According to CIMI Executive Secretary Antônio Eduardo Cerqueira de Oliveira, the National Foundation of Indigenous Peoples (Funai), the government body tasked with protecting indigenous interests, has been all but abandoned by the current administration.
“Today, Funai is completely distorted from its institutional role of protecting the rights of indigenous peoples and works totally contrary to the rights of indigenous peoples, thus obeying the precepts preached by the Bolsonaro government and also by the ruralist bench of the National Congress,” said Mr. Cerqueira de Oliveira. “The concept of this government is that indigenous peoples must be integrated into national society and therefore must stop being indigenous.”

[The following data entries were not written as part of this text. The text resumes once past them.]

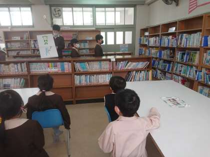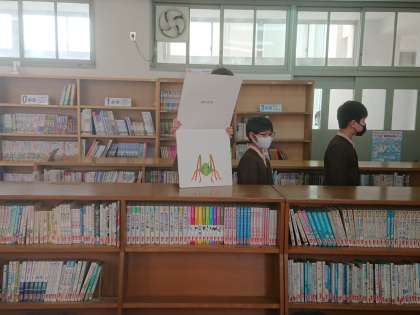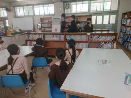 今日からお昼休み図書委員が図書室で読み聞かせをしています。といってもやはり運動場で遊ぶ児童が多いのですが、楽しみにしていた低学年の子が嬉しそうに聞いていました。短い本だったので、後から来た子どもたちのために二回読んでいました。今週一週間を予定しているそうです。横を向いて読んでいるのは対面にならないようにとのことです。
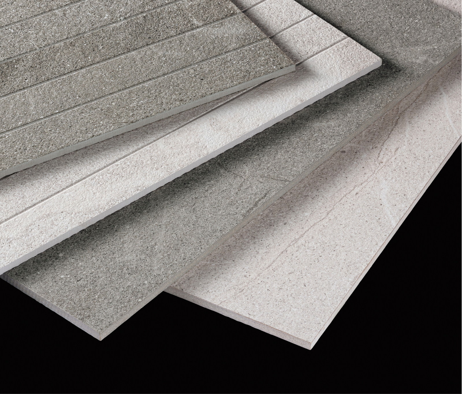 小さな石の粒や大理石・スレート柄を重ね合わせた、穏やかさとダイナミクスが調和するデザインで、モダン空間にお薦めです。
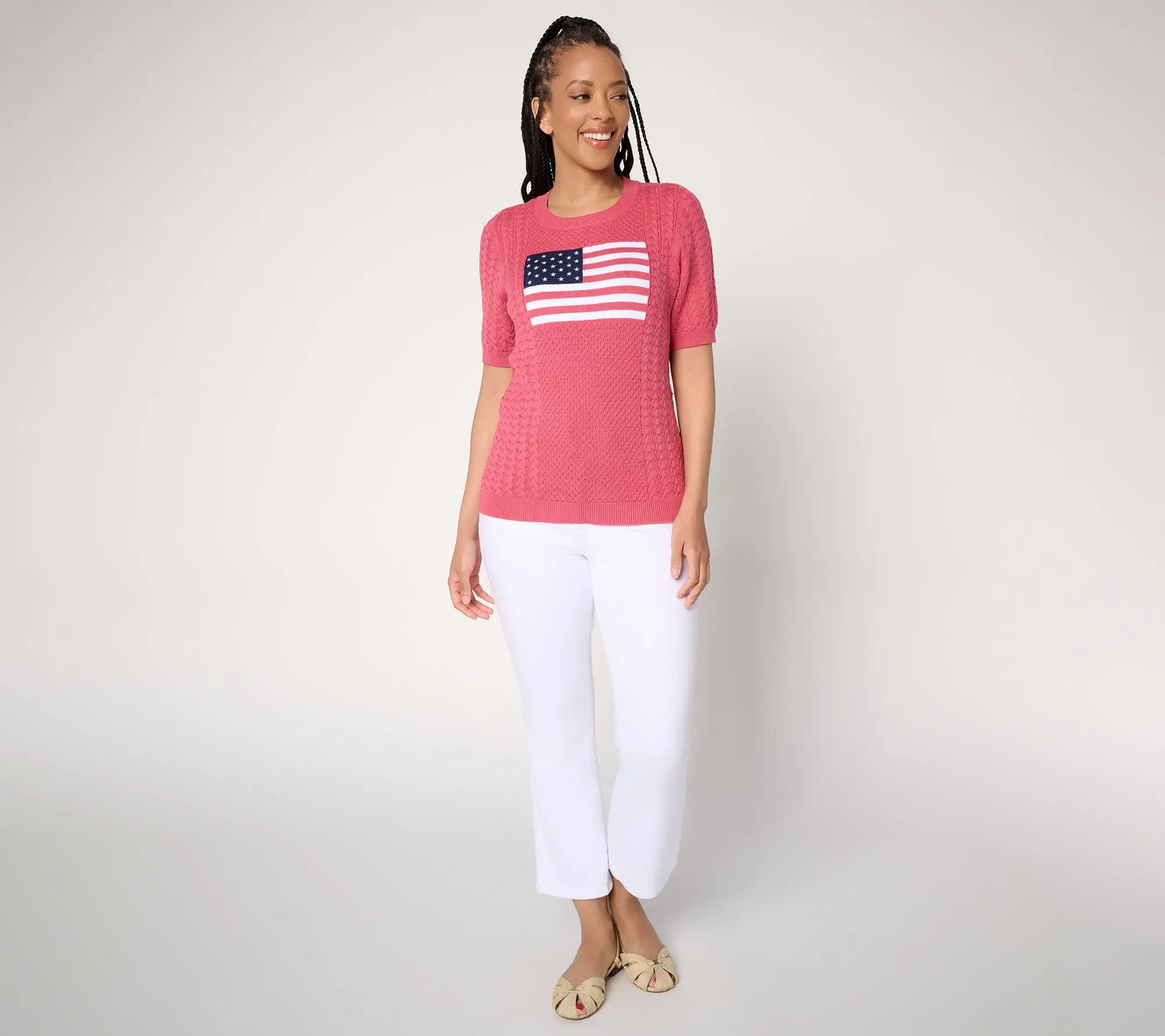 Joan Rivers 100% Cotton Cable Knit Elbow Sleeve Flag Sweater
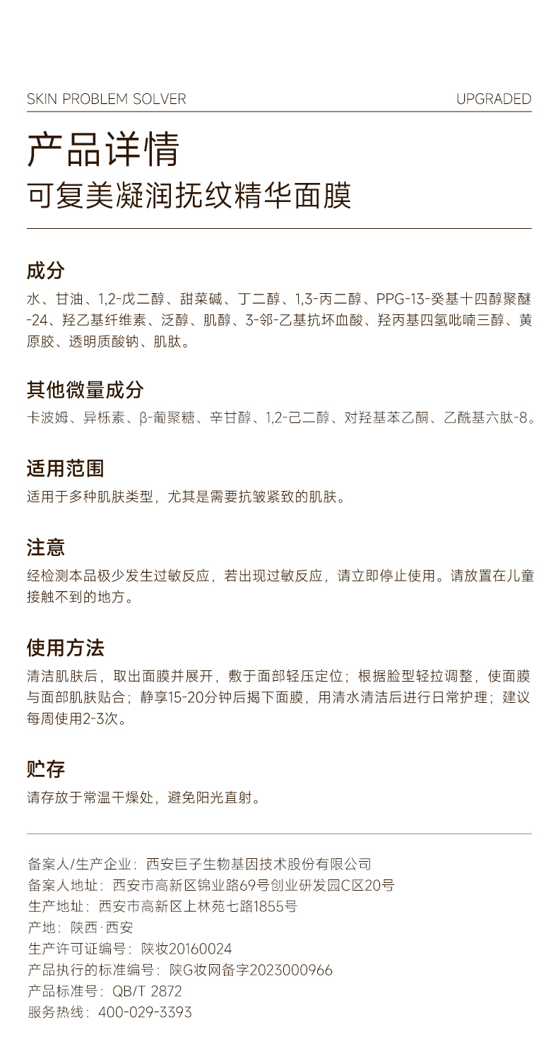 可复美小金膜凝润抚纹精华面膜补水保湿弹润紧致淡纹
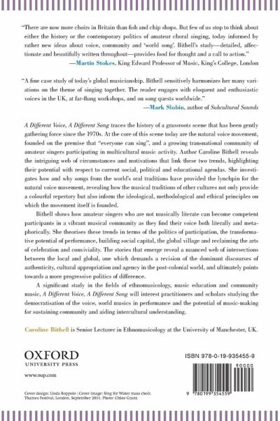This is an open access title available under the terms of a CC BY-NC-ND 4.0 license. It is free to read at Oxford Scholarship Online and offered as a free PDF download from OUP and selected open access locations. A Different Voice, A Different Song traces the history of a grassroots scene that has until now operated largely beneath the radar, but that has been gently gathering force since the 1970s. At the core of this scene today are the natural voice movement, founded on the premise that "everyone can sing", and a growing transnational community of amateur singers participating in multicultural music activity. Author Caroline Bithell reveals the intriguing web of circumstances and motivations that link these two trends, highlighting their potential with respect to current social, political and educational agendas. She investigates how and why songs from the world's oral traditions have provided the linchpin for the natural voice movement, revealing how the musical traditions of other cultures not only provide a colourful repertory but also inform the ideological, methodological and ethical principles on which the movement itself is founded. A Different Voice, A Different Song draws on long-term ethnographic research, including participant-observation at choir rehearsals, performances, workshops and camps, as well as interviews with voice teachers, choir and workshop leaders, camp and festival organisers, and general participants. Bithell shows how amateur singers who are not musically literate can become competent participants in a vibrant musical community and, in the process, find their voice metaphorically as well as literally. She then follows some of these singers as they journey to distant locations to learn new songs in their natural habitat. She theorises these trends in terms of the politics of participation, the transformative potential of performance, building social capital, the global village, and reclaiming the arts of celebration and conviviality. The stories that emerge reveal a nuanced web of intersections between the local and global, one which demands a revision of the dominant discourses of authenticity, cultural appropriation and agency in the post-colonial world, and ultimately points towards a more progressive politics of difference. A Different Voice, a Different Song will be an essential text for practitioners involved in the natural voice movement and other vocal methodologies and choral worlds. As a significant study in the fields of ethnomusicology, music education and community music, the book will also be of interest to scholars studying the democratisation of the voice, the dynamics of participation, world musics in performance, the transformative power of harmony singing, and the potential of music-making for sustaining community and aiding intercultural understanding.
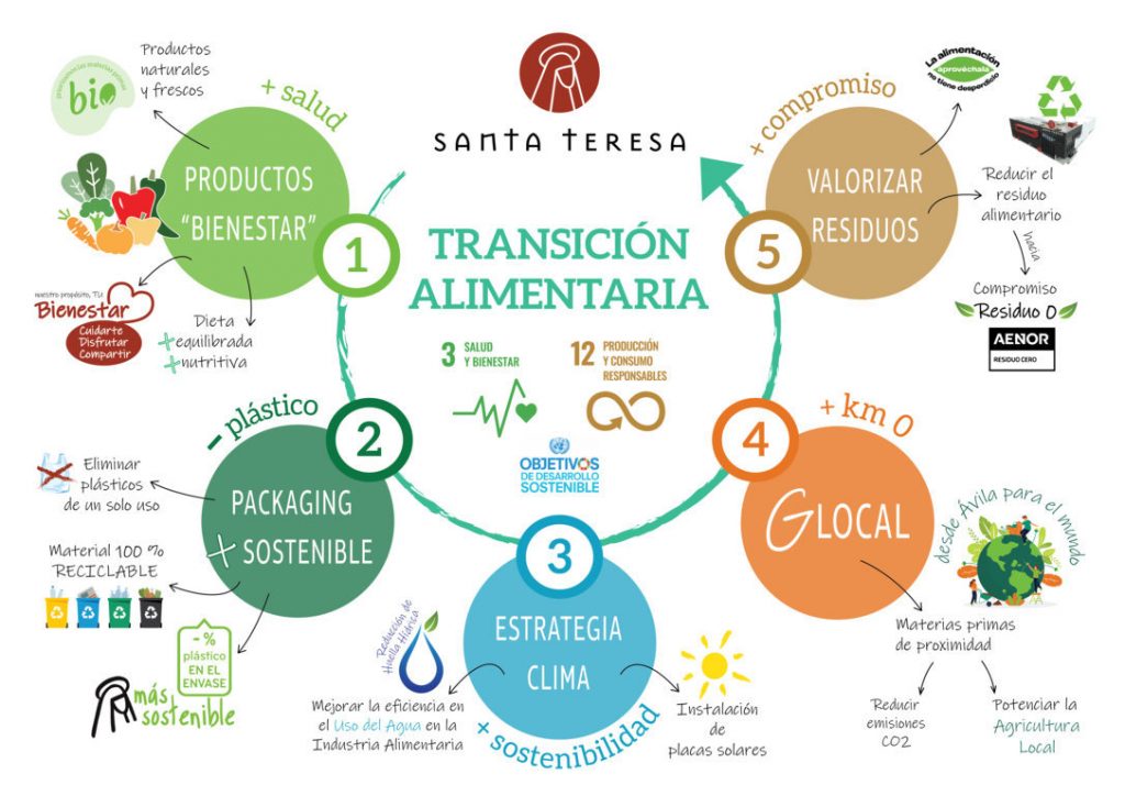 La empresa de alimentación radicada en Ávila trabaja desde hace meses en la implementación de una estrategia de transición alimentaria basada en el equilibrio entre sostenibilidad y producción “más saludable”. A través de un comité creado  ad hoc, formado por técnicos de compras y marketing, se ha desarrollado un plan de acción entorno a los Objetivos de Desarrollo Sostenible 2030, y en concreto centrándose en los ODS 3 (Salud y Bienestar) y el ODS 12 (Producción y Consumo responsables), como pilares fundamentales.
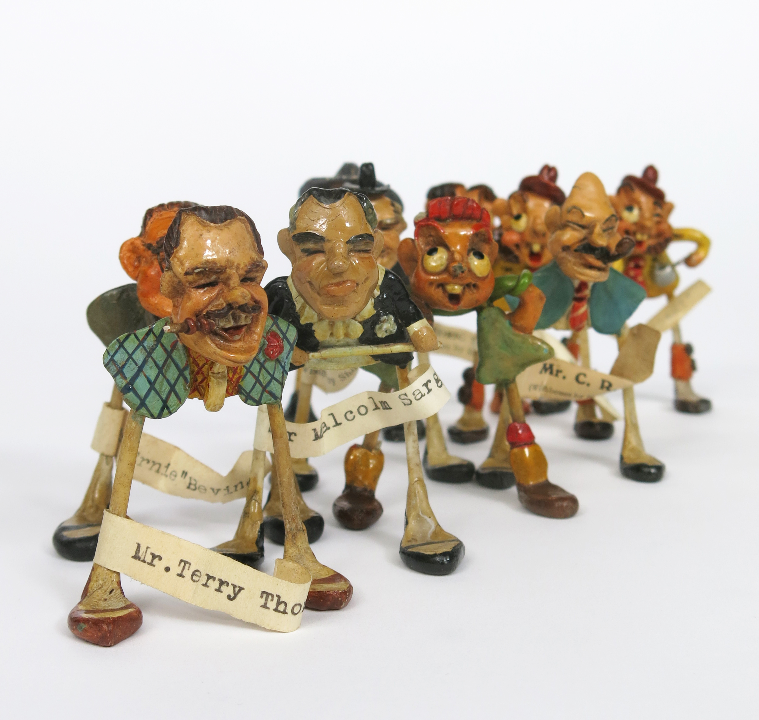 An entertaining collection of Wishbone figures by Robert Whiting, each figure made of a wishbone and clay, comprising Clement Attle, Ernie Bevan, Sir Anthony Eden, Sir Malcolm Sargent, Mr Terry Thomas, Charles Henry Bennett (Punch artist), Cedric The Caveman, a footballer and two Sam the Yokel figures, most with original paper labels, 7cm. high (10)
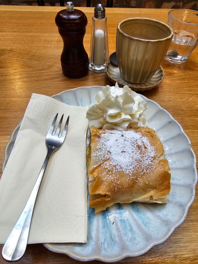 見学も終わったので、博物館に隣接したカフェフリードリヒ Café Friedlichへ。 座っているだけでもワクワクします。もちろん、ここウィーンらしくシュトゥルーデルとカプチーノを注文。Aldiの冷凍シュトゥルーデルに慣れてしまっているので、この甘過ぎず上品なサクサク感に感動しました。 全然旅とは関係ありませんが、一度シュトゥルーデルをリンゴを切るところから作ったことがあります。結構な手間です。
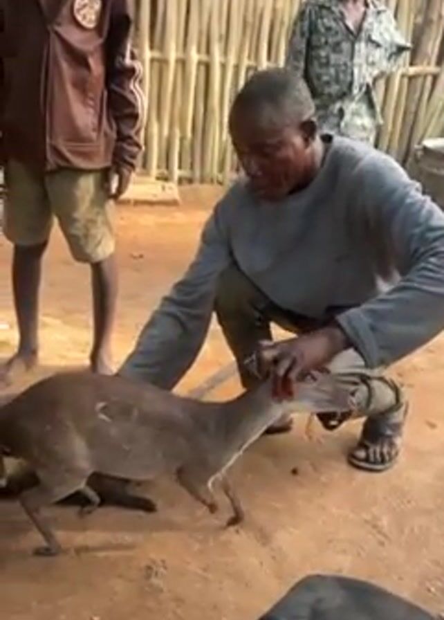 In an outdoor setting with a bamboo-style fence in the background, a man is crouching and holding the head of a small brown deer-like animal
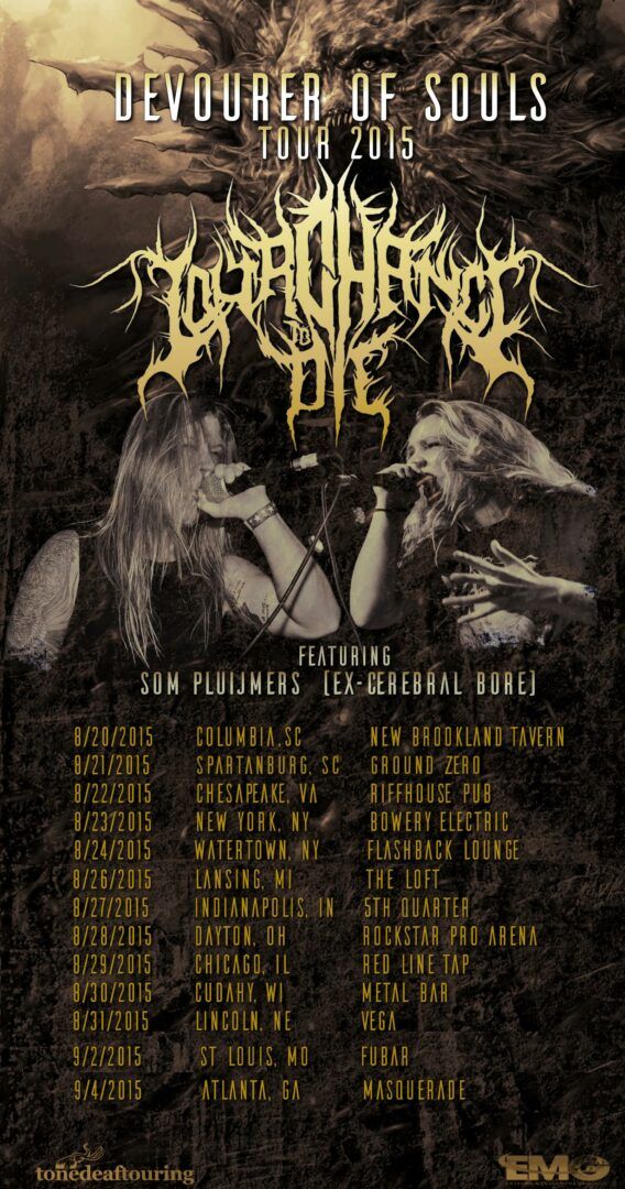 The death metal band, Your Chance to Die, has announced U.S. summer tour, for later this month. Simone Pluijmers (ex-Cerebral Bore vocalist) will be handling vocals for Missi on this tour, since Missi couldn’t do the tour. This will be Simone’s first time back in the United States since parting ways with Cerebral Bore. You can check out the dates, details and poster, after the break.
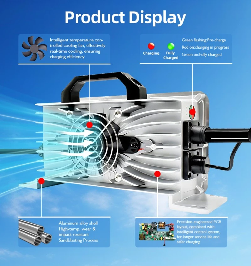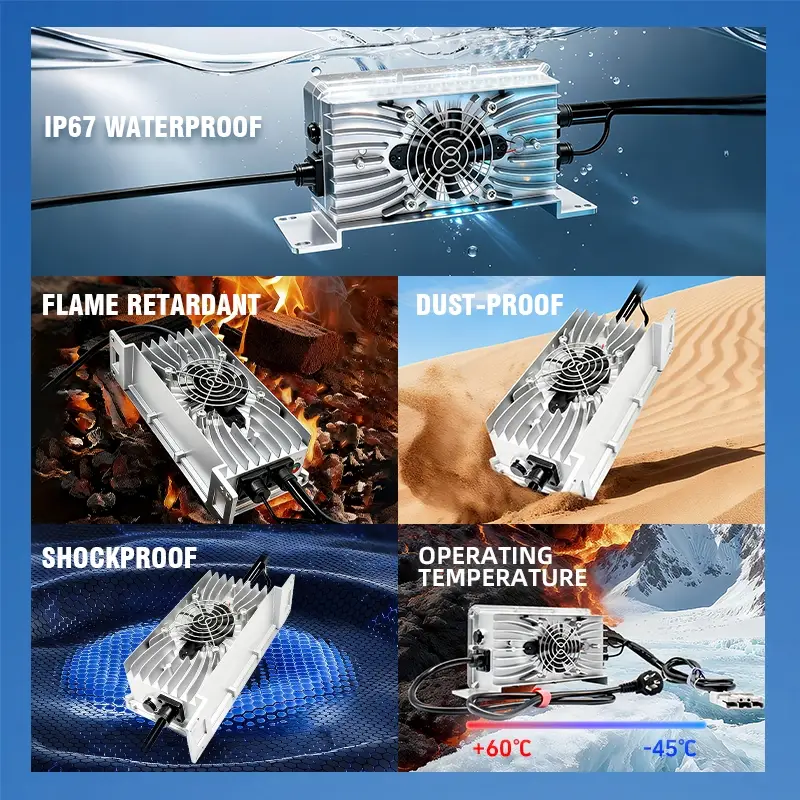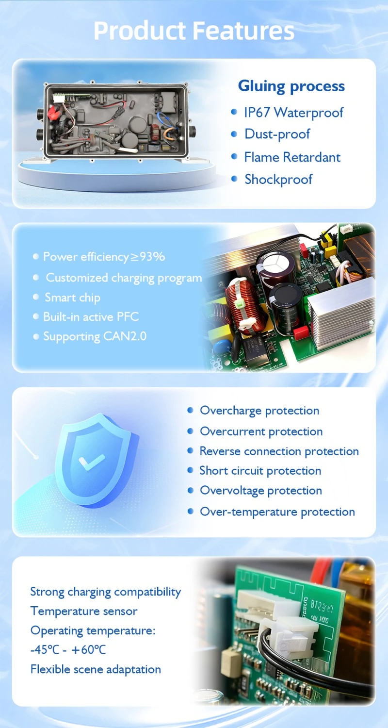 フルアルミニウム合金シェルは、プラスチックシェルと比較して放熱効率を 35% 高め、1.2kW の連続動作中の充電器の動作温度を 60℃ 以下に保ち、内部コンポーネントを保護し、耐用年数を延ばします。さらに、過電圧保護(最大55V)、過電流保護(最大28A)、短絡保護、過熱保護などの多層安全保護機構を備えており、充電器とバッテリーの損傷を効果的に防止し、あらゆる車載環境での安全な動作を保証します。
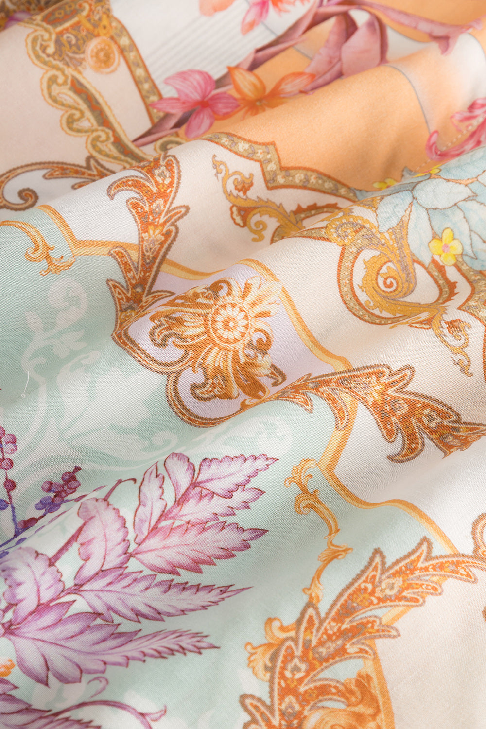 luftiger Kaftan aus einer kühlenden Viskose Voile Qualität. Das Modell im Ornament Blumen Dessin ist lässig geschnitten und hat einen Rundhalsausschnitt.

According to the CIMI report, the omission of basic aid from public authorities helped cause 744 deaths of children aged 0 to 5 years.
Many of these deaths could have been avoided if the Brazilian government had committed itself to promoting public policies for access to drinking water, food, basic sanitation and medicines.
Brazilian indigenous must be recognized, according to CIMI
Urgent measures must be taken to ensure that the deepening encroachment on indigenous rights and territories doesn’t worsen, according to the authors of the report who spoke with Brazil Reports.
Chief among actions that must be taken, according to the CIMI representatives, is the recognition and normalization of indigenous territories throughout Brazil.
“The normalization of indigenous territories has to be conceived from a government policy that aims to protect the environment, protect the climate and protect the human being,” said Mr. Liebgott.
He urged the government to resume indigenous policies that “respect the way of being of the indigenous peoples” including the demarcation, protection and regular inspection of all indigenous lands and recognizing the “indigenous peoples, their communities, and organizations as subjects of rights and guarantees.”